## [TO DO]
Pictures in the listing should not be copied. Reproduce, word for word, each line from the one holding "Lyng är en klassisk" through the final line.

## [RECORD EXTRACTS]
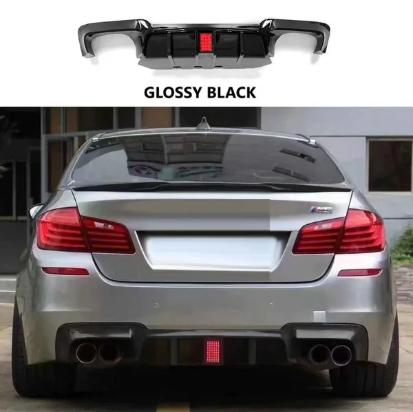 M Sports Rear Bumper After Lip Diffuser Splitter F10 Style With Led Light Glossy Black CC-8651 Compatible With BMW 5 Series F10 2010-2017 M5
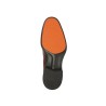 Realizzata in pelle, con classica mascherina e elastici nascosti. Vaschetta cucita. Punta arrotondata.
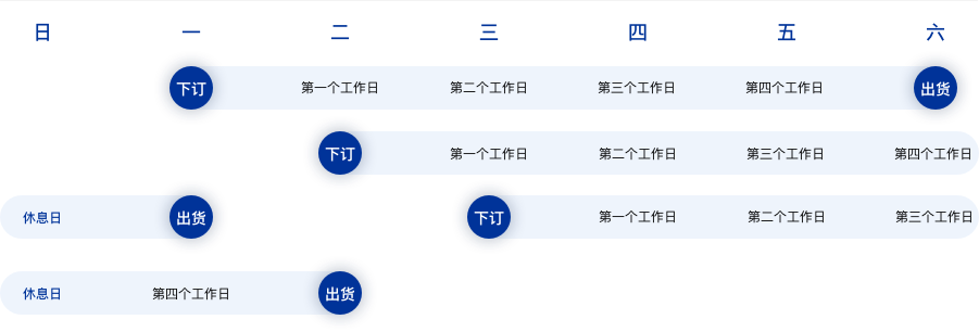 例:如下圖發(fā)貨天數(shù)為5天的商品的發(fā)貨日計算方式
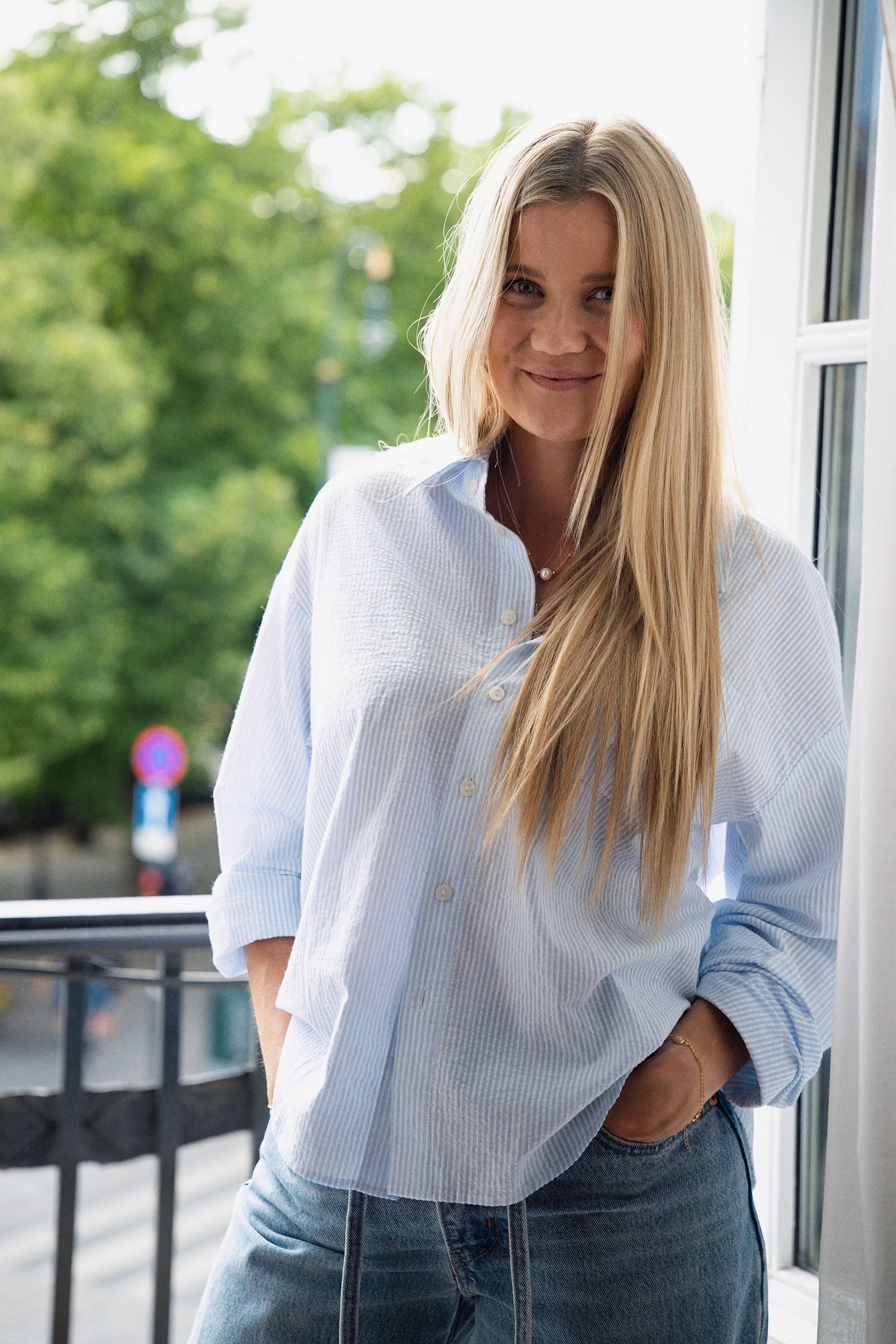 Lyng är en klassisk skjorta i tunn bomull med fina ränder i lavendel/vitt eller blått/vitt. Den avslappnade passformen och mjuka texturen gör den idealisk för varma dagar – oavsett om du stylar den till vardags, stranden eller på semestern.
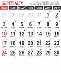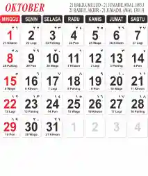 Template Kalender Jawa + Hijriah Vector

## [SOLUTION TO THIS EXERCISE]
 Lyng är en klassisk skjorta i tunn bomull med fina ränder i lavendel/vitt eller blått/vitt. Den avslappnade passformen och mjuka texturen gör den idealisk för varma dagar – oavsett om du stylar den till vardags, stranden eller på semestern.
 Template Kalender Jawa + Hijriah Vector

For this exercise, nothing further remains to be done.